По ступенькам спустился в темное помещение. Вдоль стен были установлены кровати. Справа и слева было еще несколько комнат, в которых также были установлены спальные места. Небольшие полуторки, на которых спали местные, если сон вообще возможен в подобных обстоятельствах. Едва ли можно было кого-то опознать в этой темноте, но среди фигур нашел двух милых старичков. Три выезда мне не удавалось их найти. Из-за этого пребывание стариков на войне затянулось на почти полторы недели. Больше месяца дети Великой Отечественной войны провели в адской мясорубке. Три снаряда влетело в их квартиру. Герман Михайлович получил контузию, а Галине Андреевне из-за возраста было сложно стоять на ногах. Глядя на то, как пожилые люди помогали друг другу, становится понятно, что они выжили только благодаря тому, что они есть друг у друга.
– Я за вами приехал.
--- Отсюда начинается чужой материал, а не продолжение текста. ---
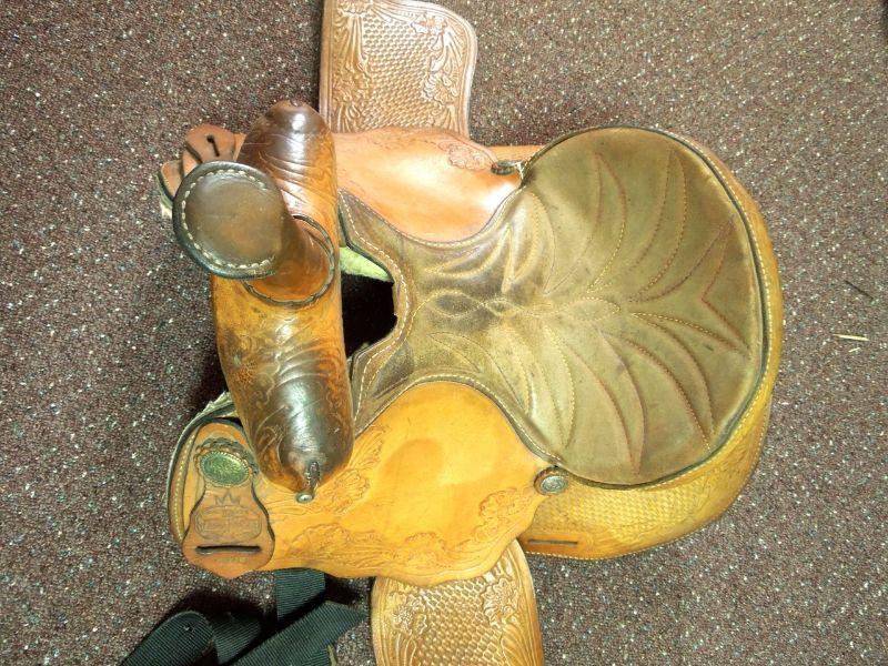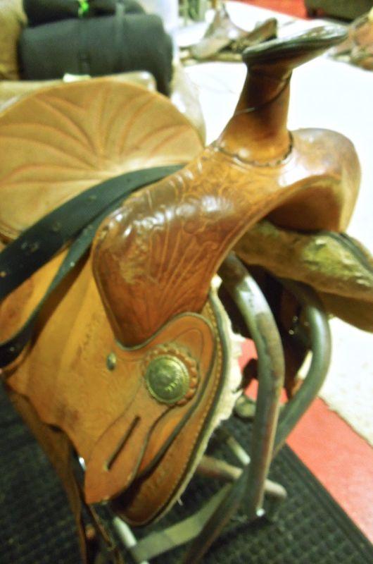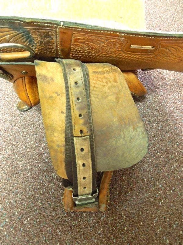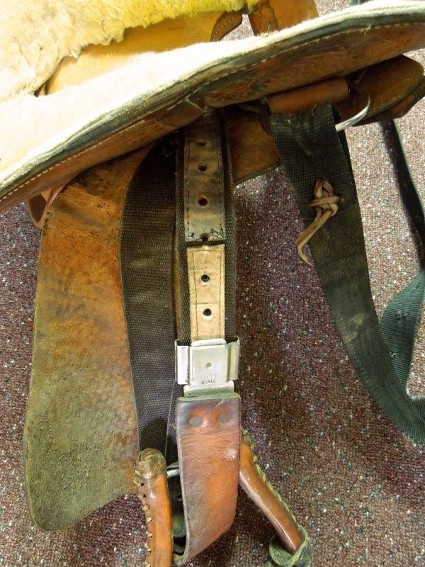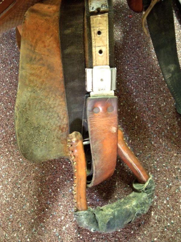 Saddle is in good condition and appears to have been moderately used in addition to being well taken care of. Worn stirrups wrapped in cloth tape, Missing concha under rear back of seat. Prime and ready for many years of future riding, Please see all pictures for a closer look.

Поедем в Донецк к вашим родственникам.
В нынешних обстоятельствах не редко, когда журналисты вывозят мирных жителей. Старики, раненые, женщины, дети. Эвакуируют всех, кто соглашается на выезд из пылающего города. Депутат НС ДНР Алексей Жигулин на днях вывез молодую маму с ребенком, который родился во время боев в Мариуполе. А накануне парламентарий и вовсе вывез семью из 9 человек.
Пока старики собирали свои вещи – небольшая спортивная сумка и целлофановый пакет с одеждой и документами, – успел получить еще один список с теми, кто находится в подвале.
– Правильно, бабушку и дедушку нужно вывозить, – говорила женщина в синей куртке.
В моем списке она тоже оказалась. Но ехать она отказалась. К сожалению, но я не в первый раз сталкиваюсь с этим. Люди, находясь в эпицентре боевых действий, по ряду причин не желают покидать «красную зону». У каждого мотивы свои. Кто-то не знает, куда ехать, кто-то не хочет быть обузой своим родным, кто-то беспокоится за свое имущество, а у кого-то есть и политические причины. Все, что получается сделать в таких случаях, – передать весточку родным, опубликовав видеообращение.
– А вы видели, что у второго входа в подвал торчит мина? – Молодой мужчина зазывал меня показать неразорвавшийся снаряд. Но времени было в обрез. Нужно было ехать дальше.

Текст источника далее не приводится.